The BEAM is a huge win: having lightweight threads means you can often do away with things like Redis for job queues and PubSub stuff. I love this answer on StackOverflow by Elixir's creator:
https://stackoverflow.com/questions/32085258/how-can-i-sched...
So simple. Something that would require a job queue and a job runner fades away into a piece of the OTP application tree. When it crashes, it will even come right back up!
Phoenix feels a little too heavyweight for really small projects—maybe I'm spoiled having used Mojolicious's [0] single-file web servers. (Example on the linked page.) But for anything slightly larger, Phoenix scales really well. I work on a decently-large application in Phoenix for work and it's been an absolute joy to work with this langauge.
Typing could be better.

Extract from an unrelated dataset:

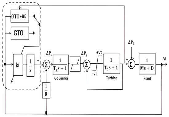 Recently, conventional methods for generating power, especially from fossil fuels, are the primary problems concerning climatic conditions [1,2]. There is a strong interest from scientists and researchers to focus on the conservation and generation of energy through green energy resources (RE) such as solar (e.g., PV, CSP), hydrogen [3] and wind [4]. REs have advantages, including that they are free and economical, and play a crucial role in promoting environmental sustainability, reducing greenhouse gas emissions and ensuring a reliable and clean energy supply for several agricultural and industrial activities. According to [5], solar PV succeeded in reducing the emission of 270 million tons of CO2 in 2021. In addition, in some areas, solar PV can be used to reduce air pollution by up to 30%, as concluded by [6]. Compared with conventional power sources, no water is needed in the PV operation and this acts as a water-saving factor [7]. RE resources are not feasible to be used as a single source of power due to their intermittent nature. Because of this, controllable energy storage technologies (ESTs) are commonly deployed with renewable energy sources [2,4]. The use of thermal energy, which previously predominated, is likely to decline in the future while the use of renewable energy is expected to increase. Additionally, a study into the microgrid’s frequency control is important because of its high absorption capacity and possible effect [8]. For the purpose of integrating RESs into the grid at the distribution level, MGs would offer an appropriate infrastructure. MGs may function in either islanded or grid-connected modes. They might face difficulties controlling frequency and voltage in islanded mode, though. Due to the low grid inertia, these issues would be more severe in MGs with a high percentage of power-electronically interfaced DERs. Actually, power imbalances in low-inertia MGs cause abrupt frequency fluctuations that might risk system stability. Therefore, in an isolated μG, it is crucial to use a controller that is robust and performs well under a variety of conditions [9]. Load frequency control maintains the balance of the power system within specified parameters within which it deviates from its nominal value and in accordance with a practically acceptable dynamic performance [10,11]. The μG operates in two modes (on grid and off grid). In off-grid mode, energy sources, synthetic virtual inertia, and energy storage terminals (ESTs) are often employed techniques to sustain frequency [12,13]. However, the capacity of one μG is constrained and susceptible to a variety of nonlinear random fluctuations impacts [13,14].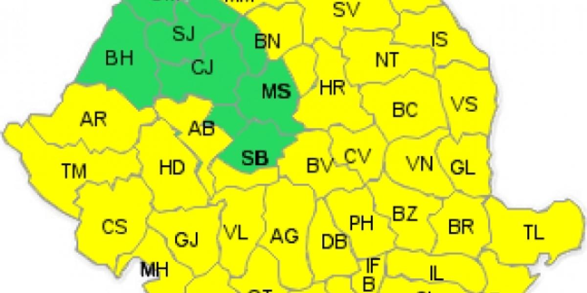 Începând de duminică dimineaţă, codul galben va cuprinde aproape întreaga ţară, cu excepţia judeţelor Satu Mare, Bihor, Sălaj şi Cluj, fiind anunţate precipitaţii până luni, la ora 18.00. Cantităţile de apă vor depăşi 25 de litri pe metru pătrat şi izolat 50 de litri pe metru pătrat, mai ales în jumătatea sudică şi în zonele de munte.

Though, Dialyzer does a decent job of catching type errors. That's saved my neck on more than one occasion.
I don't really understand this sentiment of not needing a queue system. This is not much different from spawning a thread in Java to delay the email sending.
For any serious application you want a job like that to be persisted so you can guarantee it runs even if your application is restarted.

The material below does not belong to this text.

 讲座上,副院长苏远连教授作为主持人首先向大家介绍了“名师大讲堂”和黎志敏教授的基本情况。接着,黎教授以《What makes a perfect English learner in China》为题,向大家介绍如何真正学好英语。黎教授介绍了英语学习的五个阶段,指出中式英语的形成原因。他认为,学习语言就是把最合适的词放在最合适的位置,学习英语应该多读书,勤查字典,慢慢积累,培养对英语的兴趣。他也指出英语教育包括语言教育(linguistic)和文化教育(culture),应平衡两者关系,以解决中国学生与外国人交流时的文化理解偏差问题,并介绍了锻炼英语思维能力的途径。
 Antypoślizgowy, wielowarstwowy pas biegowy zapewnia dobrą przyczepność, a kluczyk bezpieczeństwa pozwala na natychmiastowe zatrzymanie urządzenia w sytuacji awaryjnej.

I know that Erlang/Elixir is designed for stateful applications and if you have a cluster and do hot deploys this is less of a problem, but who does that? Most Elixir applications I've seen are deployed as stateless systems just like any Ruby, Python, Node etc systems.
Having a queue means you have a distributed system. How do you handle network problems, errors/retries, back pressure? OTP has excellent idiomatic tools for all that and more.
Elixir developers who need a queue generally reach for Rabbit (which any language can use), or something backed in a database like rihanna[1] or honeydew[2]. Rolling your own distributed system is very much a last resort, and despite its excellent concurrency characteristics the BEAM still lacks basics such as a battle-tested raft implementation.
[1]https://github.com/samsondav/rihanna [2]https://github.com/koudelka/honeydew
A couple of years ago the RabbitMQ team has published a raft library[1] which they use in their implementation of persistent queues. It has a flexible API and implementing your own state machines is quite straightforward, as it follows the OTP gen_* behaviour paradigm.
And by now, I'd say it's pretty well battle-tested.